Once Wieler lost patience
The head of the RKI is formally subordinate to the Federal Minister of Health. That was at the beginning of the pandemic Jens Spahn (CDU), at whose side Wieler made countless appearances to provide information about the virus. A lot has been written about Spahn’s crisis management, and in summary one can say that not every phase went as a scientist like Lothar Wieler would have recommended. Nevertheless, the dutiful Wieler tried to keep his composure. When Spahn remembered in November 2021 that he should not have closed the vaccination centers the previous summer, Lothar Wieler sat next to him at the federal press conference with a deliberately impassive expression. Looked at his papers, stared straight ahead, looked at his papers again. It wasn’t as if he hadn’t told his minister that the virus was coming back.
Only once, a few days later, did he lose his temper. The incidence figures were a catastrophe, and Lothar Wieler tried to make that somehow understandable in an online session with Saxony’s Prime Minister Michael Kretschmer (CDU).
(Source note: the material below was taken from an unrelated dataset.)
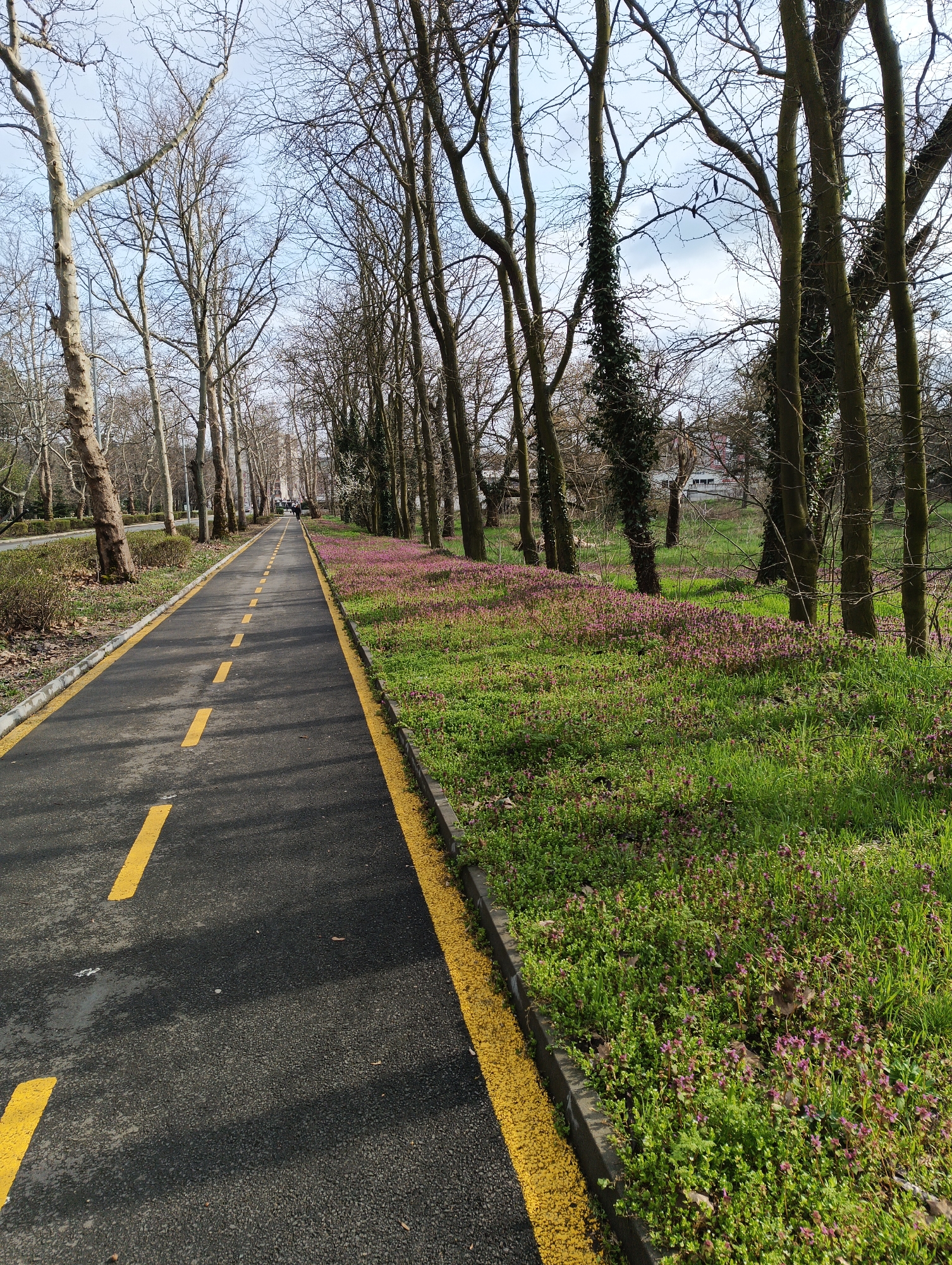 paved path running through a park. The path is black asphalt with dashed yellow lines marking the center and solid yellow lines along the edges. To the right of the path, there is a strip of green grass with small purple flowers blooming within it. A row of trees lines the right side of the path, with some trees also on the left. The trees are mostly bare of leaves, suggesting it is early spring or late fall. In the distance, there are faint figures of people walking along the path. The park appears to be located in an urban environment, and the scene seems to be in Karnobat, Bulgaria.

So he calculated how many new infections would mean how many deaths, he said that it could no longer be changed, many people would die. “That’s a clear language,” said Wieler, “but after 21 months I simply can’t bear it anymore that it might not be recognized what I say, among other things, and also many other colleagues.” He couldn’t take it anymore, he said – but of course he continued to take it.
While his relationship with Jens Spahn was tense, mainly because of his inadequate pandemic policy, from Wieler’s point of view, there were problems in his relationship with Spahn’s successor Karl Lauterbach probably more of an interpersonal nature.
So there was a big rift less than two months after Lauterbach took office. The trigger was the shortening of the convalescent status: Due to a communication breakdown, many thousands of people lost their 2G status overnight without warning. Lauterbach and Wieler publicly quarreled over the question of who had not informed whom. It had crashed before. At that time, Wieler’s RKI published recommendations for immediate maximum contact restrictions – apparently contradicting the recommendations that Lauterbach’s freshly appointed expert council had made just two days earlier. Was this maneuver due to political clumsiness or was Wieler consciously seeking a power struggle with Lauterbach? In any case, many in Lauterbach’s house interpreted Wieler’s initiative as an affront to the panel of experts: the head of the RKI was offended because his institute should no longer be solely responsible for pandemic policy, it said.
The RKI, on the other hand, preferred the reading that publication is a normal scientific process: you just publish what needs to be published, that has nothing to do with power politics. It was not easy for Lothar Wieler on any level, not even with politics. But he didn’t make it easy for the others either.
In any case, the relationship between the Federal Minister of Health Lauterbach and his most important official in the pandemic never normalized again: Last year it was said in Berlin that Lauterbach would like to get rid of Wieler, but not in the middle of the Corona crisis. Now it is time. Wieler intends to devote more time to research and teaching in the future, according to the statement on his departure.
The Federal Minister of Health thanked him enthusiastically for his achievements.